Ora che dovrebbe essere arrivato il momento di far emergere finalmente una più netta ed autonoma “sua” linea politica, arriva un problema grosso: i sempre più difficili rapporti con l’Europa.
Da una parte Meloni vorrebbe forse tenere un atteggiamento più rigido con Bruxelles, anche in chiave di contrapposizione e quindi di visibilità elettorale, ma come leader del gruppo “Conservatori e riformisti europei” sa che solo alleandosi al PPE potrà in futuro avere più sponde a Bruxelles e quindi partecipare come forza di maggioranza nella Commissione Europea. Ma il suo successo non può essere ben visto dall’Europa di oggi, che guarda a sinistra e teme i sovranisti di domani, così come da quei paesi che temono l’Italia come possibile rivale.
Per questo oggi l’Italia resiste sul MES (sua unica e vera carta di pressione), ma avrebbe però contemporaneamente bisogno di flessibilità di bilancio – e quindi di accordi – per poter varare riforme fiscali e sociali ben più ampie e significative in “finanziaria”, mentre la BCE – con l’aumento continuo dei tassi – sembra far di tutto per complicare i problemi delle imprese e anche dell’esecutivo italiano sul quale pesa come un macigno il maxi-debito pubblico pregresso. Uno 0.25% in più di interessi da pagare sui debiti di fatto cancella ogni possibilità di spesa in più a beneficio degli italiani. Molte grazie madame Lagarde: certo questa sua politica economica non rilancia l’economia europea né – è dimostrato – blocca l’inflazione.

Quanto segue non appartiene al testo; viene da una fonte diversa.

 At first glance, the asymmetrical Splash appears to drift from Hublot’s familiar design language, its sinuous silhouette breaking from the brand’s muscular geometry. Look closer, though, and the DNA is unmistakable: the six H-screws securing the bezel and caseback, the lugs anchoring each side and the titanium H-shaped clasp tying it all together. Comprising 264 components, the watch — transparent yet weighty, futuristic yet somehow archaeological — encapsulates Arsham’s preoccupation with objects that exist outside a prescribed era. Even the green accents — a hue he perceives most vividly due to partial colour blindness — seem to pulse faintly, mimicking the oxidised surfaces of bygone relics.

C’è un altro aspetto del problema: il commissario direttamente coinvolto per le questioni economiche è proprio quello italiano e si chiama Paolo Gentiloni, già esponente PD e quindi oppositore politico all’attuale governo. L’ipocrisia declama che un Commissario Europeo è (o dovrebbe essere) indipendente dai partiti e dalla propria provenienza nazionale, chè le polemiche con Bruxelles “danneggiano l’Italia”, ma il fatto è che nel 2019 Gentiloni fu piazzato proprio dal PD in questo ruolo-chiave all’interno della Commissione.

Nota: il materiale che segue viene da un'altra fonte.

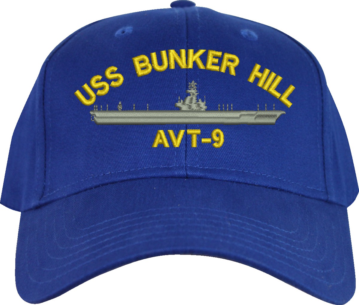 All Text on custom orders will be embroidered in ALL CAPITAL LETTERS.MilitaryBest is proud to offer this USS Bunker Hill AVT-9 Imported Cap. This Cap honors the service of our U.S. Navy personel who have served aboard this ship protecting our freedom with pride. Choose from an assortment of colors in High or Low Profile. These are perfect for honoring your USS Bunker Hill Navy Veteran. For an additional cost you can also have your Custom Text embroidered on the back of the ball cap. All embroidery is performed to order at our facilities in Scottsboro, Alabama by Americans with a passion for patriotism!

Oggi che a Roma il PD è all’opposizione, è ovvio un potenziale attrito politico, soprattutto perché proprio Paolo Gentiloni ha tutte le caratteristiche per diventare il potenziale prossimo segretario del PD con il quale ha percorso tutta la sua carriera. Soprattutto se Schlein avesse un possibile infortunio elettorale alle Europee, difficile che dalle parti del Nazareno non si apra una nuova guerra per la segreteria e Gentiloni sa bene di poter essere un potenziale ottimo papabile, soprattutto se sarà riuscito a bloccare Meloni e a renderle la vita difficile.
Dimentichiamoci quindi che possa fornire qualche “aiutino” extra per aiutare il governo o si spenda più di tanto su tematiche care all’Italia (vedi accordi ITA-Lufthansa) malviste in alcune altre capitali europee (Parigi) che difendono da sempre e prima di tutto i loro interessi nazionali. L’Italia va bene solo se tace e subisce.
E’ insomma fatale che la distanza tra governo e commissario si accentui, visto anche che l’Italia ha sulla groppa un deficit mastodontico (cresciuto anche quando Gentiloni era premier a Palazzo Chigi, dovremmo e dovrebbe ricordarselo, perché nessun TG lo ricorda mai!), un PNRR che è difficile da rispettare perché va poi restituito e i tassi sono aumentati in modo enorme grazie alla BCE che così può condizionare o strozzare ogni ripresa. Per questo anche il MES non convince e sullo sfondo c’è sempre il ricatto del potenziale ritorno a quel patto di stabilità che era e resta un obbiettivo ben difficile da raggiungere e soprattutto da mantenere negli anni.